• What this task involves:
With no images included, output each entry below exactly as it appears.

• Material to process:
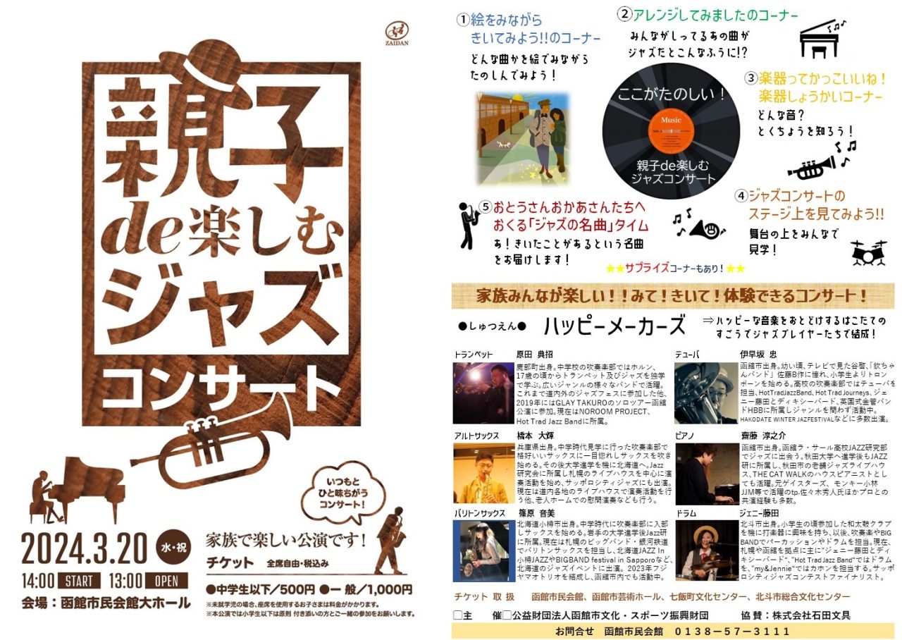 普段ふれあう機会が少ない「生演奏」、そして音楽ジャンルの中で楽器それぞれが活躍する「ジャズ」の魅力と楽しさをお子さま、お父さんお母さん、おじいちゃんおばあちゃん、家族みんなで体感してみましょう!
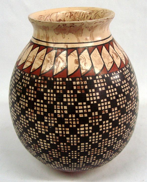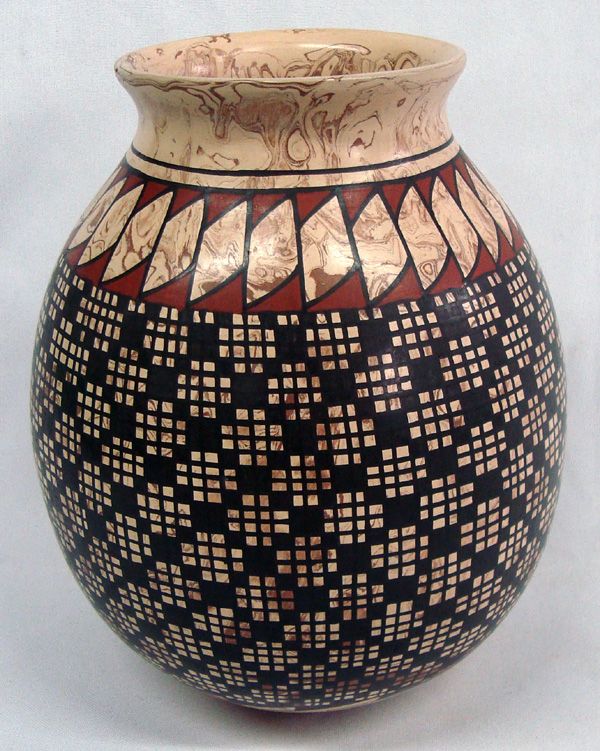 Mata Ortiz Eye Dazzler Jar - Luis Ortiz. Beautiful marbelized jar with eye dazzler pattern in black and feather designs around the neck. Measures 7.5''H x 6.5''W. Signed on Bottom.
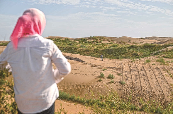??治沙戰(zhàn)役開展得更加轟轟烈烈,早在上世紀五六十年代,一場全民參與的防風固沙戰(zhàn)役就在鄂爾多斯大地打響。當?shù)匕傩諑资耆缫蝗眨坏酱禾炀烷_始設置沙障、種植樹苗,涌現(xiàn)出殷玉珍、吳向東、曹扎娃等一大批治沙勞模?,F(xiàn)在,沙漠大數(shù)據(jù)分析技術、種質資源技術、無人機飛播技術等現(xiàn)代治沙科技大大提高了生態(tài)治理水平,更進一步賦能綠色發(fā)展。
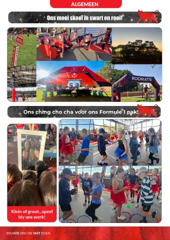 ALGEMEEN Ons mooi skool in swart en rooi! Ons ching cho cha voor ons Formule 1 pak! Klein of groot...speel bly ons werk! DIS HÓÉ ONS DIE WÁT DOEN
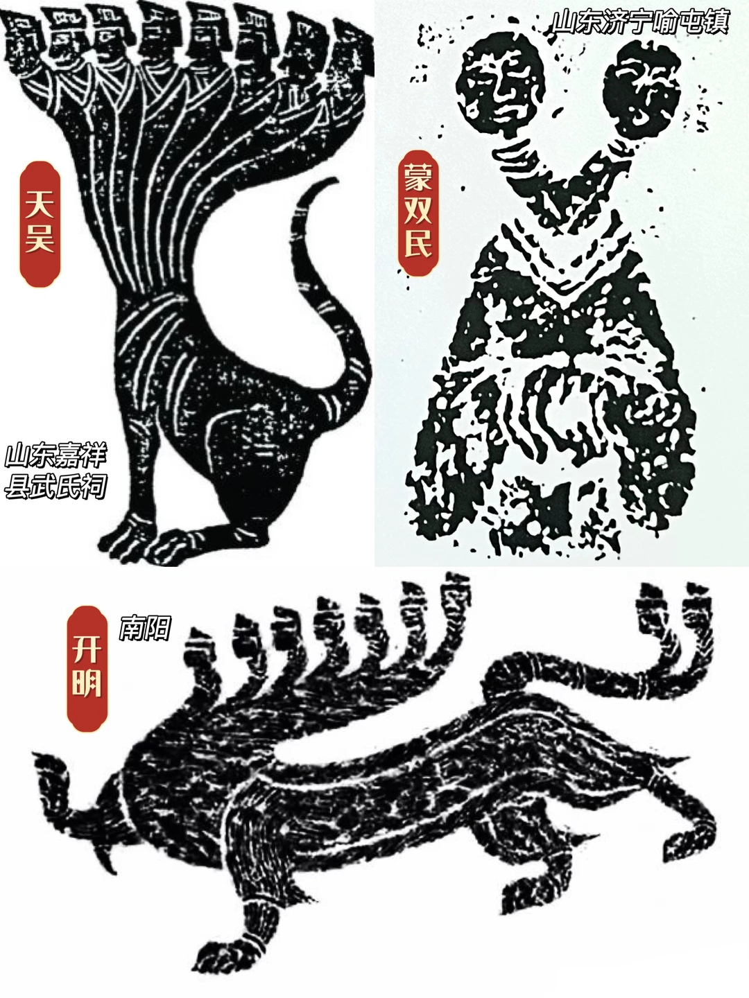 还有两个头的神人—蒙双民,从前是一对流放荒野,相拥而亡的夫妻,后来被神禽复活,才变作这幅模样。
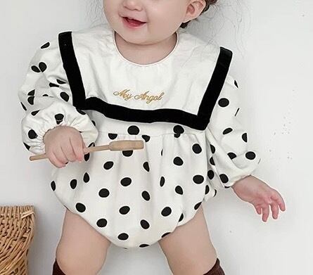「セーラー風ドットロンパース」は、赤ちゃんのためのキュートで爽やかなデザインのロンパースです。セーラーカラーとドット柄の組み合わせが特徴で、クラシックなマリンスタイルを演出します。柔らかなコットン素材で、動きやすく快適な着心地を提供します。スナップボタン付きでお着替えも簡単。おしゃれなお出かけや写真撮影にもぴったりの一枚です。
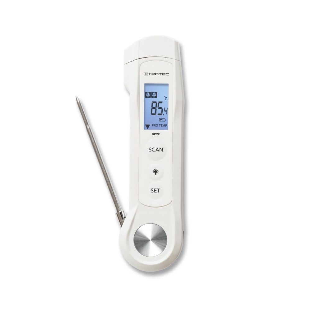 Пирометр Trotec BP2F представляет собой термометр для измерения температуры продуктов питания с помощью инфракрасного датчика или температурного щупа в соответствии со стандартом HACCP (Hazard Analysis and Critical Control Points).

• Your response:
 普段ふれあう機会が少ない「生演奏」、そして音楽ジャンルの中で楽器それぞれが活躍する「ジャズ」の魅力と楽しさをお子さま、お父さんお母さん、おじいちゃんおばあちゃん、家族みんなで体感してみましょう!
 Mata Ortiz Eye Dazzler Jar - Luis Ortiz. Beautiful marbelized jar with eye dazzler pattern in black and feather designs around the neck. Measures 7.5''H x 6.5''W. Signed on Bottom.
??治沙戰(zhàn)役開展得更加轟轟烈烈,早在上世紀五六十年代,一場全民參與的防風固沙戰(zhàn)役就在鄂爾多斯大地打響。當?shù)匕傩諑资耆缫蝗眨坏酱禾炀烷_始設置沙障、種植樹苗,涌現(xiàn)出殷玉珍、吳向東、曹扎娃等一大批治沙勞模?,F(xiàn)在,沙漠大數(shù)據(jù)分析技術、種質資源技術、無人機飛播技術等現(xiàn)代治沙科技大大提高了生態(tài)治理水平,更進一步賦能綠色發(fā)展。
 ALGEMEEN Ons mooi skool in swart en rooi! Ons ching cho cha voor ons Formule 1 pak! Klein of groot...speel bly ons werk! DIS HÓÉ ONS DIE WÁT DOEN
 还有两个头的神人—蒙双民,从前是一对流放荒野,相拥而亡的夫妻,后来被神禽复活,才变作这幅模样。
「セーラー風ドットロンパース」は、赤ちゃんのためのキュートで爽やかなデザインのロンパースです。セーラーカラーとドット柄の組み合わせが特徴で、クラシックなマリンスタイルを演出します。柔らかなコットン素材で、動きやすく快適な着心地を提供します。スナップボタン付きでお着替えも簡単。おしゃれなお出かけや写真撮影にもぴったりの一枚です。
 Пирометр Trotec BP2F представляет собой термометр для измерения температуры продуктов питания с помощью инфракрасного датчика или температурного щупа в соответствии со стандартом HACCP (Hazard Analysis and Critical Control Points).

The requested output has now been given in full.